Why GPU output throughput, not raw FLOPS?

Because LLM serving is output-token-bound — 80-95% of GPU time is generating output tokens, with input prefill an order of magnitude faster. The dominant cost driver is tokens-per-second sustained throughput, which is what the GPU options list shows. FLOPS and memory bandwidth matter only as far as they predict that throughput number, which we've measured against published vLLM / TensorRT-LLM benchmarks for Llama 3.3 70B int4.

What model is the throughput tuned for?

Llama 3.3 70B int4-quantised — the most common open-source production deployment in 2026. Smaller models run faster: 7B-13B at 5-10× throughput on the same GPU; 30B at ~2×. Larger MoE models (Mixtral 8×22B, Llama 4 dense 405B) run at ~half throughput. To model a different size, multiply the GPU's listed throughput by the appropriate factor before reading the result.

Why does utilisation matter so much?

Because rental is 24×7 billing. If you rent an H100 to serve 200 queries/day at peak, and those 200 queries take 30 minutes of compute, you still pay for 23.5 idle hours. Utilisation = compute-time-needed / rented-time. Realistic production SaaS runs 40-70%; consumer-scale workloads with global traffic can reach 80-90%. Below 30%, you're better off on serverless GPU (Modal, Replicate) which bills per-second.

Does this account for serverless GPU pricing?

Indirectly — the calculator assumes always-on rented hardware. For workloads with utilisation < 30%, switch to serverless GPU and use the per-second rate (Modal: ~$0.000694/sec on H100 ≈ $2.50/h equivalent at 100% utilisation, but billed only when serving). The calculator math undercounts your cost in that case; flip the GPU type's hourly rate to the equivalent and set utilisation to 100%.

What's a realistic setup cost?

Bare-minimum DIY (one engineer, one weekend, vLLM + Lambda + a script): $1-3k engineer time. Production-grade with high-availability, load balancing, monitoring, on-call rotation, weight versioning: $5k-20k+ for the initial build, $1-3k/month ongoing ops. The setup-cost input captures only the one-time piece; the engineer time for ongoing ops is NOT in the calculator (it's roughly $1k-2k/month if you split a 0.1 FTE).

Why does the API side beat GPU rental at low volume?

Because the API has no fixed cost — every query is variable. GPU rental has both a setup-amortised fixed cost AND a serving cost. At low volume, the fixed cost dominates and the API's variable rate (which is set high enough to be profitable for the provider) still beats your low-utilisation GPU. The break-even queries/day in the result tells you exactly when GPU rental flips to win.

Why does GPU rental beat API at high volume?

Because OpenAI / Anthropic build a profit margin into per-token pricing. At sufficient volume, you can match or beat that margin by cutting out the middleman. Typical break-even on Llama 3.3 70B vs GPT-4o-mini lands somewhere in the 200k-2M queries/day range depending on your input/output ratio. Your calculation surfaces the exact number.

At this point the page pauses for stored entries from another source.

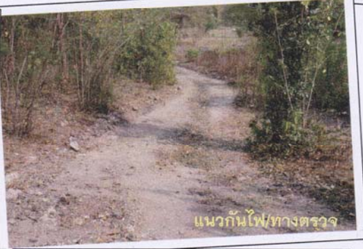
แนวกันไฟ/ทางตรวจ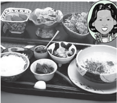
季節の食材を使用した家庭料理 家庭料理 夢実家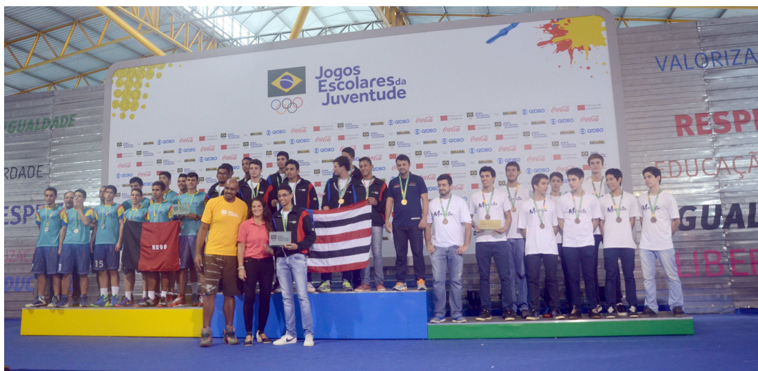
Pelo basquete masculino da terceira divisão, os meninos fizeram uma competição com 100% de aproveitamento

Também na manhã do sábado, as meninas do Colégio Educalls disputaram a final do basquete feminino da segunda divisão com o time de Pernambuco, ficando com a medalha de prata. No handebol feminino, as atletas do Cegel (São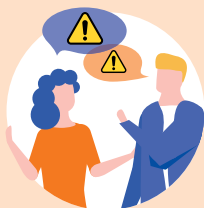
Familien- und Freundeskreis, Nachbarschaft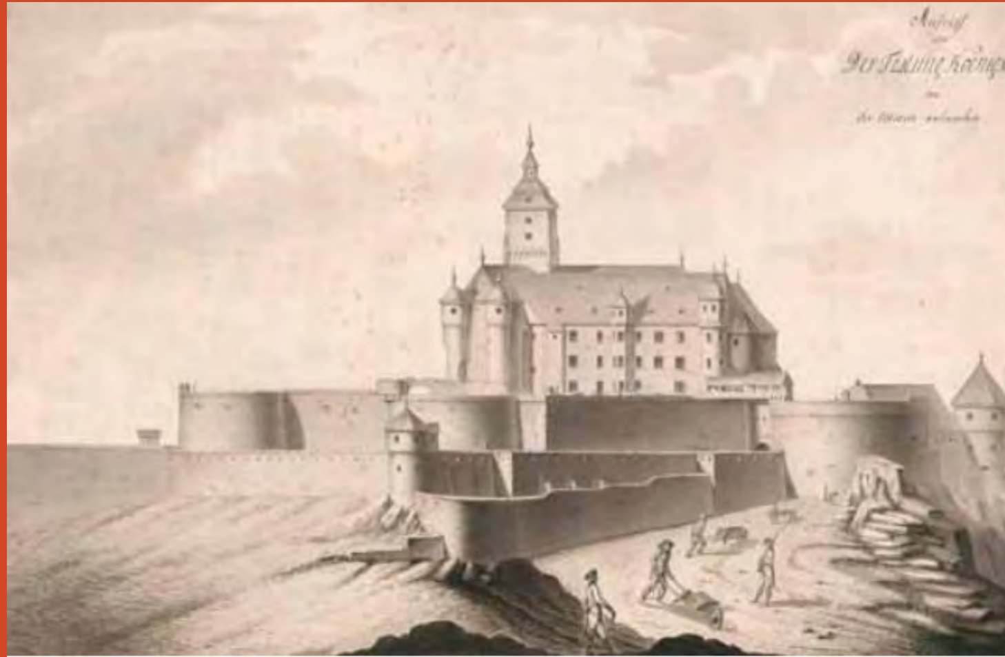
Festung Königstein, 1791/92

What about quality difference between Llama and GPT-4o?

Real and material — current open-source 70B models trail frontier hosted models by 5-15% on standardised agent benchmarks (SWE-Bench, GAIA, HumanEval). For high-leverage tasks (complex agents, long-form reasoning) the quality gap can outweigh cost savings; for narrow tasks (classification, extraction, light formatting) it's negligible. The calculator gives you the cost; the quality call is yours.

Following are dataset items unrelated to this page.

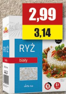
SONKO Ryż; 4x100 g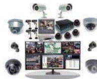
Circuito cerrado de TV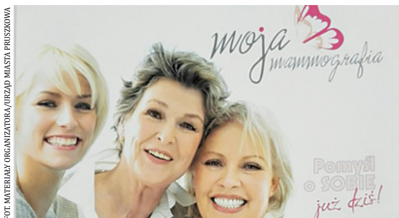
Badania zaplanowano na 10 i 12 grudnia

Badanie trwa zaledwie kilka minut i jest bezbolesne. Mammografia to jedna z najlepszych metod wykrywania raka piersi u kobiet. Pozwala znaleźć bardzo małe guzki, co daje możliwość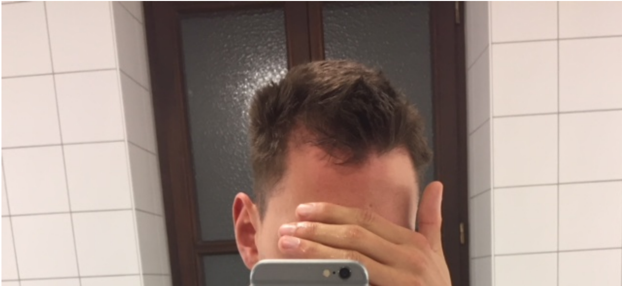
3) 3.JPG , downloaded 245 times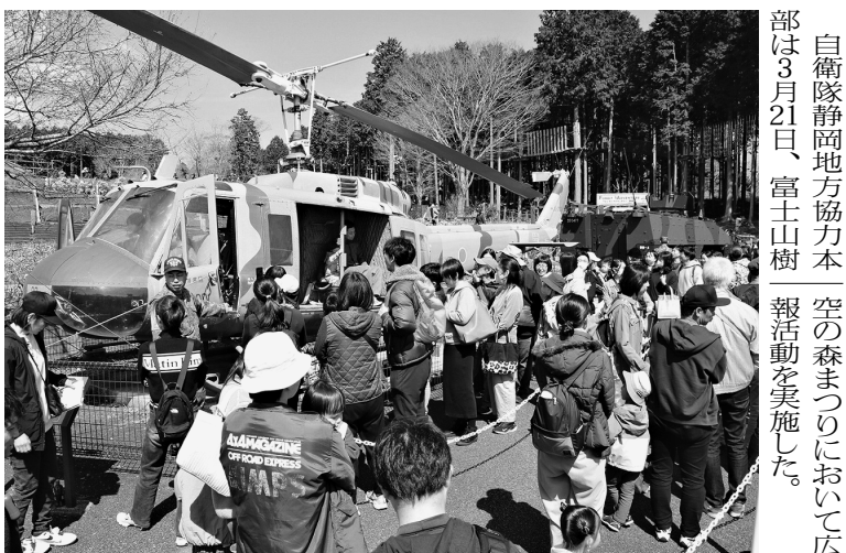
自衛隊静岡地方協力本部は3月21日、富士山樹空の森まつりにおいて広報活動を実施した。

当日は天候にも恵まれ親子連れを中心に約9300人が来場した。会場では高機動車の体験試乗や炊き出し、音楽演奏など多彩なイベントが行われ終日賑わいを見せた。 特に多用途ヘリコプターUH-1J、16式機動戦闘車や装甲車AMVの展示には多くの来場者が集まり、ヘリや車両の前で記念撮影を行う姿や隊員に熱心に質問する様子が見られた。(写真) 広報ブースでは装備や任務の紹介に加え、グッズ配布や施設見学も行われ、来場者は自衛隊の活動や任務について理解を深めた。 同本部は今後も体験型イベントを通じ、地域とのつながりを強化していく。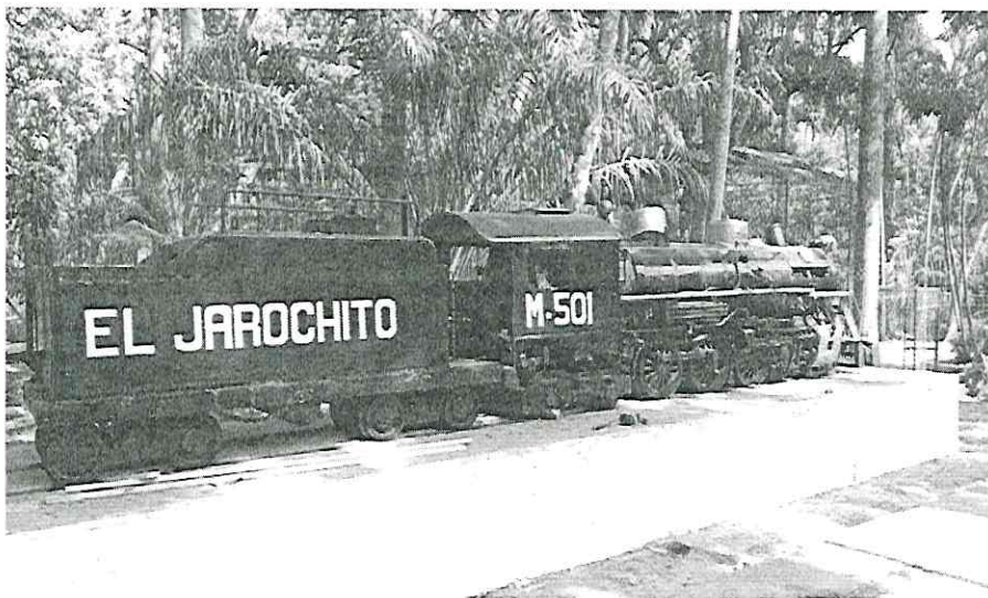
Locomotora de Vapor a escala “El Jarochito”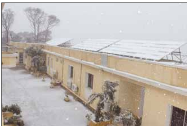
Générateur photovoltaïque sous la neige au CDER, Bouzareah, Alger.

Does this work for fine-tuning workloads?

Partially — the GPU side estimates inference cost. For training/fine-tune, use the Fine-tune vs RAG calculator alongside this one (training cost happens once; inference cost recurs forever). The decision usually splits: fine-tune on rented A100s, then either (a) keep serving on the same A100 for high volume, or (b) migrate to a hosted endpoint for low/medium volume.

What about Mac-Studio / consumer-GPU self-host?

Out of scope — the calculator targets data-center GPUs (Lambda / Modal / Runpod / AWS / GCP). M3 Ultra Mac Studio runs Llama 3.3 70B at 4-bit at ~8-12 tok/s on a $4k machine; amortised over 36 months that's $111/month + electricity. Useful for dev / niche personal use but not production-scale serving. For consumer-grade pricing math, treat it as a 0.6× A10G with no rental cost.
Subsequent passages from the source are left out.